> INSTRUCTIONS FOR THE TASK:
Among the entries that follow, locate the line with "Diese Bloo Bla" and the line with "30PCS 5 Inch". Output those lines and all lines in between, exactly, minus the pictures.

> MATERIALS PROVIDED:

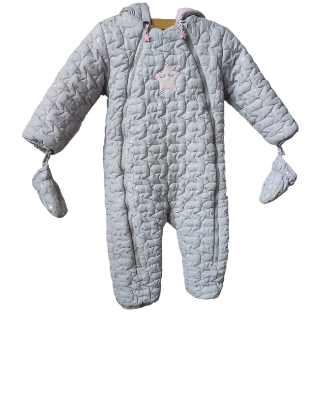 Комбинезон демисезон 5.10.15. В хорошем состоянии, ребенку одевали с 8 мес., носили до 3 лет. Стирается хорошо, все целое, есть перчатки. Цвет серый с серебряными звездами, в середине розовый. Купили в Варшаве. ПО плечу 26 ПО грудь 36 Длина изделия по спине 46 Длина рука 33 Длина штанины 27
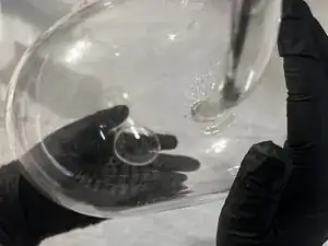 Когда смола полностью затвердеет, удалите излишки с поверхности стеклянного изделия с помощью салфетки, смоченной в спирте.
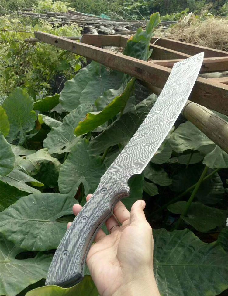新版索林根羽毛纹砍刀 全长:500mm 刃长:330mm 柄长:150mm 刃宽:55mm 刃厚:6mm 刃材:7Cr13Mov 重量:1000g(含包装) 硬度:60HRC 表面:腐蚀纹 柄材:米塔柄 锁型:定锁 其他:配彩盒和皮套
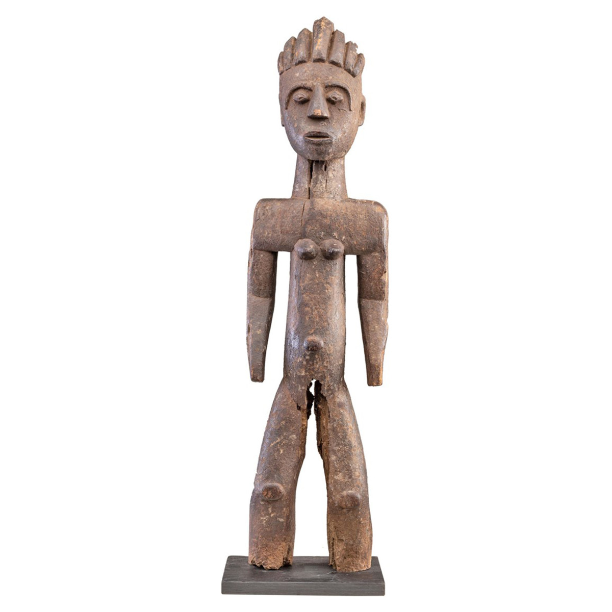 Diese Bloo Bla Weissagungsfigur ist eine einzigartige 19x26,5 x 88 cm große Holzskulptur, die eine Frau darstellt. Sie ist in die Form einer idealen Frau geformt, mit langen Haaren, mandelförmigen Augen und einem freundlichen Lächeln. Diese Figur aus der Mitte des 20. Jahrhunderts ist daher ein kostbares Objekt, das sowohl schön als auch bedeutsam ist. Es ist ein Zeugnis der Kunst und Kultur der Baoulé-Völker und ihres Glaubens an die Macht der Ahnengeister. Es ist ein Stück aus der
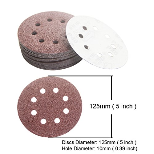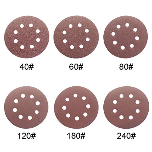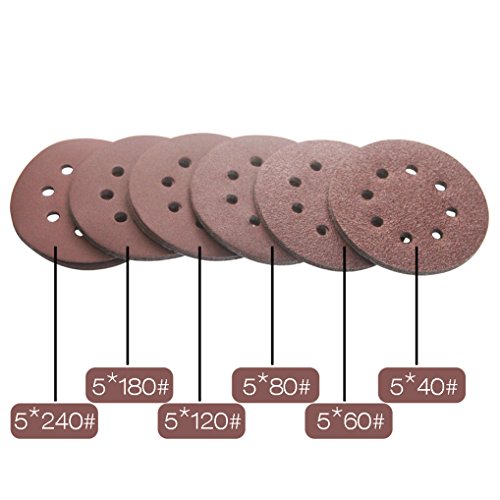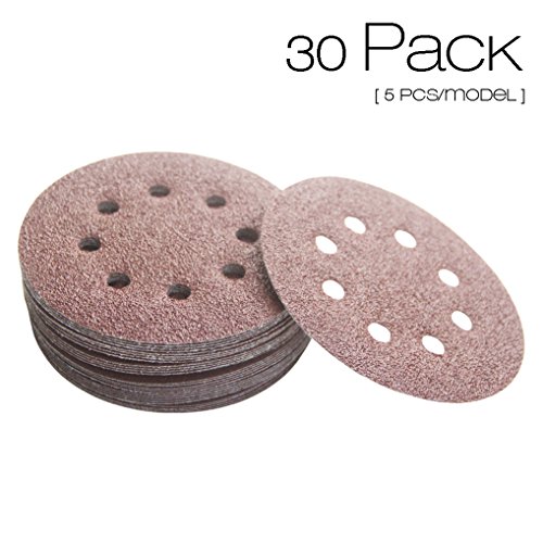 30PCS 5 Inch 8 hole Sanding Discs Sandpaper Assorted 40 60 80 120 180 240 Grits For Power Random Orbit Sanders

* * *

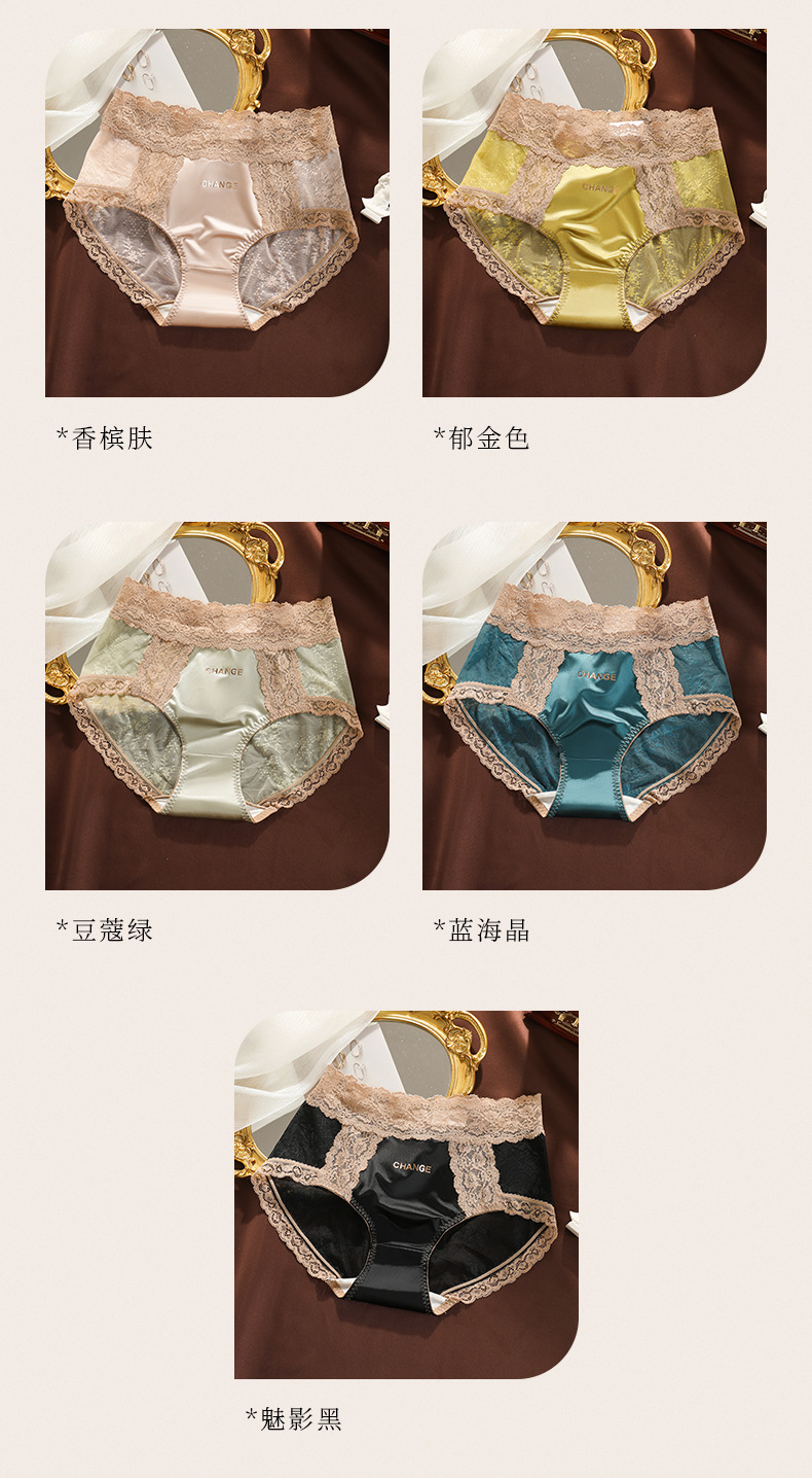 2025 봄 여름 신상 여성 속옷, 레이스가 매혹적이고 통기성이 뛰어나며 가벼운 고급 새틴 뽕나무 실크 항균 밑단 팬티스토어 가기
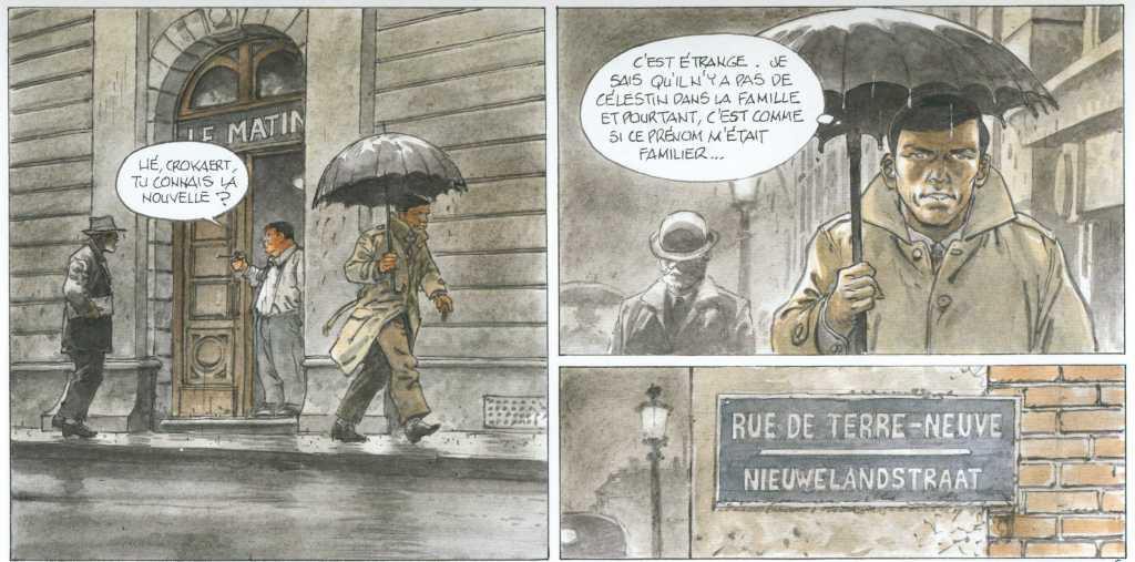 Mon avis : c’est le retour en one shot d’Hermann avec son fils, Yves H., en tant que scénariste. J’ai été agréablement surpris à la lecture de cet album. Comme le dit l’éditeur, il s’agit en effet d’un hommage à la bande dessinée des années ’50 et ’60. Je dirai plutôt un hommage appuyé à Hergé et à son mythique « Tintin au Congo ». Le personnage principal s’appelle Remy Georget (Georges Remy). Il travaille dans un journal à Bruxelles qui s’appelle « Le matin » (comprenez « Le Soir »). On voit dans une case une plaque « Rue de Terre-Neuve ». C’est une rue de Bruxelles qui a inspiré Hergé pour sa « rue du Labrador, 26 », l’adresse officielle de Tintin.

--

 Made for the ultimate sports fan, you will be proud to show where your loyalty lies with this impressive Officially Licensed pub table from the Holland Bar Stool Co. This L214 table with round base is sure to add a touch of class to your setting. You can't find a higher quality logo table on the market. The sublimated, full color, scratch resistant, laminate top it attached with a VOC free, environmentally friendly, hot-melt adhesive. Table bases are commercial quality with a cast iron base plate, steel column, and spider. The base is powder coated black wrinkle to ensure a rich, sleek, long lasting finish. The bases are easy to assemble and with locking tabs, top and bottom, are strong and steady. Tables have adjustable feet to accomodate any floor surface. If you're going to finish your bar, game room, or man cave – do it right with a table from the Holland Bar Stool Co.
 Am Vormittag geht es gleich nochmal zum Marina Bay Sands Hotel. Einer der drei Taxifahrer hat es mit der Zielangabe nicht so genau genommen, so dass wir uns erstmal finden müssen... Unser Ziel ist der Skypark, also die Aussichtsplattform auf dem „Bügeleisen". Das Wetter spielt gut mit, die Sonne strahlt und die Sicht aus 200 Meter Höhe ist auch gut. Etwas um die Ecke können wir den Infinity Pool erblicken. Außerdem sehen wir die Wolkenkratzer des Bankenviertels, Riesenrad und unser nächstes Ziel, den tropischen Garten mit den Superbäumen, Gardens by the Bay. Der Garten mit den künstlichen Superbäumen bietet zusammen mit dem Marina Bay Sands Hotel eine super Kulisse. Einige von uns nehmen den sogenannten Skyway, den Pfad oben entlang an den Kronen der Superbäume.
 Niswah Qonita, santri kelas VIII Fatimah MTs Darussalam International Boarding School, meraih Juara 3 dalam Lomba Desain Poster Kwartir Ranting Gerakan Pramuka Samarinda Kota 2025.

> OUTPUT FOR THIS EXERCISE:
 Diese Bloo Bla Weissagungsfigur ist eine einzigartige 19x26,5 x 88 cm große Holzskulptur, die eine Frau darstellt. Sie ist in die Form einer idealen Frau geformt, mit langen Haaren, mandelförmigen Augen und einem freundlichen Lächeln. Diese Figur aus der Mitte des 20. Jahrhunderts ist daher ein kostbares Objekt, das sowohl schön als auch bedeutsam ist. Es ist ein Zeugnis der Kunst und Kultur der Baoulé-Völker und ihres Glaubens an die Macht der Ahnengeister. Es ist ein Stück aus der
 30PCS 5 Inch 8 hole Sanding Discs Sandpaper Assorted 40 60 80 120 180 240 Grits For Power Random Orbit Sanders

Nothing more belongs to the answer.